Because miners create and accumulate new coins, what they tend to do as a whole can make a big difference in market prices. Miners have to sell some of their Bitcoin to cover electricity and maintenance costs. But what they choose to do with their remaining coin can impact prices.
For example, when miners anticipate the future price of Bitcoin to be higher than it is right now, they could choose to hold most of their coins, reducing overall supply on exchanges. This would create support for prices.
On the other hand, if miners think the price of Bitcoin will fall, or they need cash today for some reason, they could sell their coins, increasing the supply and potentially driving prices lower.
3. Money Supply
Some may argue that the number one factor affecting the price of Bitcoin is the growth in money supply. When central banks print more money, the price of Bitcoin tends to rise in almost direct proportion to the amount of new currency created.
This is part of the supply-and-demand element in Bitcoin’s price. More and more dollars (or Euros, Yen, Pesos, etc.) wind up chasing an ever-dwindling supply of bitcoin. The new supply of fiat currency keeps growing while the new supply of bitcoin gets cut in half every 4 years (a process known as Bitcoin halving).
4. The Network Effect
Some say Bitcoin’s true value lies in the Bitcoin network. In other words, how many people are using Bitcoin.
A rough analogy would be social media networks. We tend to measure the value of a social network by its number of users and how active they are on the platform. Facebook and Instagram both have over a billion users each, with at least half of them logging in everyday in the case of Instagram. This is the main reason people think these networks have value.

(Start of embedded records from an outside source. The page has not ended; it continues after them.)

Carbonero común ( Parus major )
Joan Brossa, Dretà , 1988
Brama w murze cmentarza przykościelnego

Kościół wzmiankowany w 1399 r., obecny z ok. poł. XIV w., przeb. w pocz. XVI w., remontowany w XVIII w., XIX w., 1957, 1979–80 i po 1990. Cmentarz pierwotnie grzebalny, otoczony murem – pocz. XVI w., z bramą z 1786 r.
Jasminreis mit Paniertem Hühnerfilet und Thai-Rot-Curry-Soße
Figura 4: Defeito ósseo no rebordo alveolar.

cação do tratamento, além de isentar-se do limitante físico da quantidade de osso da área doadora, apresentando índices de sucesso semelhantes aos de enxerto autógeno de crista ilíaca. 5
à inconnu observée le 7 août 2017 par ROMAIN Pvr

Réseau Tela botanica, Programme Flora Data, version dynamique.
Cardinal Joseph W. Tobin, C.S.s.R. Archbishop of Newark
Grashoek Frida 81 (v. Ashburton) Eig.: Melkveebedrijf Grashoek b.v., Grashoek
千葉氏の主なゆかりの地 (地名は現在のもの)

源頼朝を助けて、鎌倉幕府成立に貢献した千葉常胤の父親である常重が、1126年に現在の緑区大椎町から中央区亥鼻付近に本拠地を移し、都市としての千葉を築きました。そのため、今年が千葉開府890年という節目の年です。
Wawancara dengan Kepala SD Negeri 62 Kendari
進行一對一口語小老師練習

With Bitcoin, the more people who create cryptocurrency wallets, convert fiat currency to Bitcoin, and spend or store those coins, the more valuable Bitcoin could become. And as the price of Bitcoin rises, more people tend to join in the network, potentially creating a positive feedback loop.

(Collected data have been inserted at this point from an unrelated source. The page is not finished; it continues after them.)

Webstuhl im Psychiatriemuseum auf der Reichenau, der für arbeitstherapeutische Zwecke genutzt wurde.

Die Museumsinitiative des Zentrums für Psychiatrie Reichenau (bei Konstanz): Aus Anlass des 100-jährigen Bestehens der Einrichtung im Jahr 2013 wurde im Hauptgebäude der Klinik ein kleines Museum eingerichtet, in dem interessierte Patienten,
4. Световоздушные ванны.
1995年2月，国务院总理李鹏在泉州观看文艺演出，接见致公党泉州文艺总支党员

While the price of Bitcoin has often defied expectations, it helps to remember that the history of the world’s biggest cryptocurrency is just beginning. Thanks to the cap on its coin supply, BTC remains a relatively scarce and coveted currency, thus it is likely to have value over time.

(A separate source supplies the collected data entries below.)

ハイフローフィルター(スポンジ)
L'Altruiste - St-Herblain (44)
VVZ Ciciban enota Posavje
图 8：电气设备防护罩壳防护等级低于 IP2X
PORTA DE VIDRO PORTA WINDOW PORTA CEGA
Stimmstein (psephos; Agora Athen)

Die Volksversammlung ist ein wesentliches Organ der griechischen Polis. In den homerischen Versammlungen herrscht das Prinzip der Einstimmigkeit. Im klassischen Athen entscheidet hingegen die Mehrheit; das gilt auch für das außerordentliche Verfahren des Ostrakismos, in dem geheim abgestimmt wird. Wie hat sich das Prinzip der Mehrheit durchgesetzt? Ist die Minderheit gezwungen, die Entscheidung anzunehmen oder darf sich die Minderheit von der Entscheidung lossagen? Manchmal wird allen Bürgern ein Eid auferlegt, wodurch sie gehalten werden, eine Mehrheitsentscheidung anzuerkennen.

If Bitcoin continues to grow at even a fraction of the rate it has over the past 13 years, the gains for long-term crypto investors would outpace that of most other asset classes. If the stock-to-flow model remains accurate, then Bitcoin would reach the $100,000 mark in the near future. Past performance does not indicate future results, however, and it’s always possible that models like these can break down.